Problem description:
Starting at the first line of the data below, retype every line up to and including the one containing "Product Name: New".

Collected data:
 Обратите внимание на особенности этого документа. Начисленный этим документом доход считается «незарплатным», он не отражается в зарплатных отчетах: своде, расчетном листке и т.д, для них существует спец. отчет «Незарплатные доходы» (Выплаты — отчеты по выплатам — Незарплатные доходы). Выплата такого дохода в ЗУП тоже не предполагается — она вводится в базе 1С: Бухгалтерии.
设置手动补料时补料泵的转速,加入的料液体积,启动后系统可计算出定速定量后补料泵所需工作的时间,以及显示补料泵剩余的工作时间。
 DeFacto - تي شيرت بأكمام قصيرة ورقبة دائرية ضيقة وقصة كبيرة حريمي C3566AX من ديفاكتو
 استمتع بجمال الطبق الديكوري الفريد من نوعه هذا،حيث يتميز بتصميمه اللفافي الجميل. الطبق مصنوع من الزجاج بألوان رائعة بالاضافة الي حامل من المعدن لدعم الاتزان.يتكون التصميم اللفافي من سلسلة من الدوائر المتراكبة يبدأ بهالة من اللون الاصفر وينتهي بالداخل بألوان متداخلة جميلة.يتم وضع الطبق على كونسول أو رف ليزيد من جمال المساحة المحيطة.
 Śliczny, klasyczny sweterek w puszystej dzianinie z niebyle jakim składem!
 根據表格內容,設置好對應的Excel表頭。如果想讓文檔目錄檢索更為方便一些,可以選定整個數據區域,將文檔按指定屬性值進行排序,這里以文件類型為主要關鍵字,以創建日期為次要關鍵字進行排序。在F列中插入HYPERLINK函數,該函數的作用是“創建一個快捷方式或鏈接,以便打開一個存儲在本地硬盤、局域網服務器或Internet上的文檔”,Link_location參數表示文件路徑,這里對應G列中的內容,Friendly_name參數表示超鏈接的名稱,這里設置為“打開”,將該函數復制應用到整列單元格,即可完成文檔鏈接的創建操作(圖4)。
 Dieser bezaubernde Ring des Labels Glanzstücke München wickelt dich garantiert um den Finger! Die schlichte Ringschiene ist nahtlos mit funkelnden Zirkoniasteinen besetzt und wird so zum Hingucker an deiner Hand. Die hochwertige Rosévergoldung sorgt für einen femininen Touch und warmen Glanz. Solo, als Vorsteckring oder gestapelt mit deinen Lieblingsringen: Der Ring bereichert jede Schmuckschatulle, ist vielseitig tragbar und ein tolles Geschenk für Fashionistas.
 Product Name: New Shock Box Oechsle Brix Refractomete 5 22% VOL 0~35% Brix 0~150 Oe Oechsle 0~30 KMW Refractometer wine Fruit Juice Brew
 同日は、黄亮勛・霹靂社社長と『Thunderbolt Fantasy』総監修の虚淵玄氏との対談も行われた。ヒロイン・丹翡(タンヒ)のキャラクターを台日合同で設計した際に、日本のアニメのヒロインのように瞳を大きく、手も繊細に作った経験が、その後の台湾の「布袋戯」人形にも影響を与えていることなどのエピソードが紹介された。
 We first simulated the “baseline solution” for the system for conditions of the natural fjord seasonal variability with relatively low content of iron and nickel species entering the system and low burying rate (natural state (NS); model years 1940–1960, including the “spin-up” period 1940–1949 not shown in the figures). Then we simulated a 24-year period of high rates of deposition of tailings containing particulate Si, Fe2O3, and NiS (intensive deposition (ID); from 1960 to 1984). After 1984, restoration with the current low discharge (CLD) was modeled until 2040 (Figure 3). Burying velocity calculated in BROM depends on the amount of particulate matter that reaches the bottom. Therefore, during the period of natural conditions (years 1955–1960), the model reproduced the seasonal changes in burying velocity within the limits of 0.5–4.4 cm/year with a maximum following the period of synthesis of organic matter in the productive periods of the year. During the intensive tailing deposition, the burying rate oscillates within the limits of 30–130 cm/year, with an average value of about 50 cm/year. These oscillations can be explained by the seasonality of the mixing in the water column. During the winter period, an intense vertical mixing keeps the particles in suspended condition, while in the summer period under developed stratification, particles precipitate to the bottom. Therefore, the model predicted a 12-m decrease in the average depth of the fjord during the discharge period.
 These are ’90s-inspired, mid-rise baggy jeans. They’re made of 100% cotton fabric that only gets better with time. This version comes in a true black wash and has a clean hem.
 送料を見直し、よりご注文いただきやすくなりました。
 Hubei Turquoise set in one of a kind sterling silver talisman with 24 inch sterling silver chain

Written response:
 Обратите внимание на особенности этого документа. Начисленный этим документом доход считается «незарплатным», он не отражается в зарплатных отчетах: своде, расчетном листке и т.д, для них существует спец. отчет «Незарплатные доходы» (Выплаты — отчеты по выплатам — Незарплатные доходы). Выплата такого дохода в ЗУП тоже не предполагается — она вводится в базе 1С: Бухгалтерии.
设置手动补料时补料泵的转速,加入的料液体积,启动后系统可计算出定速定量后补料泵所需工作的时间,以及显示补料泵剩余的工作时间。
 DeFacto - تي شيرت بأكمام قصيرة ورقبة دائرية ضيقة وقصة كبيرة حريمي C3566AX من ديفاكتو
 استمتع بجمال الطبق الديكوري الفريد من نوعه هذا،حيث يتميز بتصميمه اللفافي الجميل. الطبق مصنوع من الزجاج بألوان رائعة بالاضافة الي حامل من المعدن لدعم الاتزان.يتكون التصميم اللفافي من سلسلة من الدوائر المتراكبة يبدأ بهالة من اللون الاصفر وينتهي بالداخل بألوان متداخلة جميلة.يتم وضع الطبق على كونسول أو رف ليزيد من جمال المساحة المحيطة.
 Śliczny, klasyczny sweterek w puszystej dzianinie z niebyle jakim składem!
 根據表格內容,設置好對應的Excel表頭。如果想讓文檔目錄檢索更為方便一些,可以選定整個數據區域,將文檔按指定屬性值進行排序,這里以文件類型為主要關鍵字,以創建日期為次要關鍵字進行排序。在F列中插入HYPERLINK函數,該函數的作用是“創建一個快捷方式或鏈接,以便打開一個存儲在本地硬盤、局域網服務器或Internet上的文檔”,Link_location參數表示文件路徑,這里對應G列中的內容,Friendly_name參數表示超鏈接的名稱,這里設置為“打開”,將該函數復制應用到整列單元格,即可完成文檔鏈接的創建操作(圖4)。
 Dieser bezaubernde Ring des Labels Glanzstücke München wickelt dich garantiert um den Finger! Die schlichte Ringschiene ist nahtlos mit funkelnden Zirkoniasteinen besetzt und wird so zum Hingucker an deiner Hand. Die hochwertige Rosévergoldung sorgt für einen femininen Touch und warmen Glanz. Solo, als Vorsteckring oder gestapelt mit deinen Lieblingsringen: Der Ring bereichert jede Schmuckschatulle, ist vielseitig tragbar und ein tolles Geschenk für Fashionistas.
 Product Name: New Shock Box Oechsle Brix Refractomete 5 22% VOL 0~35% Brix 0~150 Oe Oechsle 0~30 KMW Refractometer wine Fruit Juice Brew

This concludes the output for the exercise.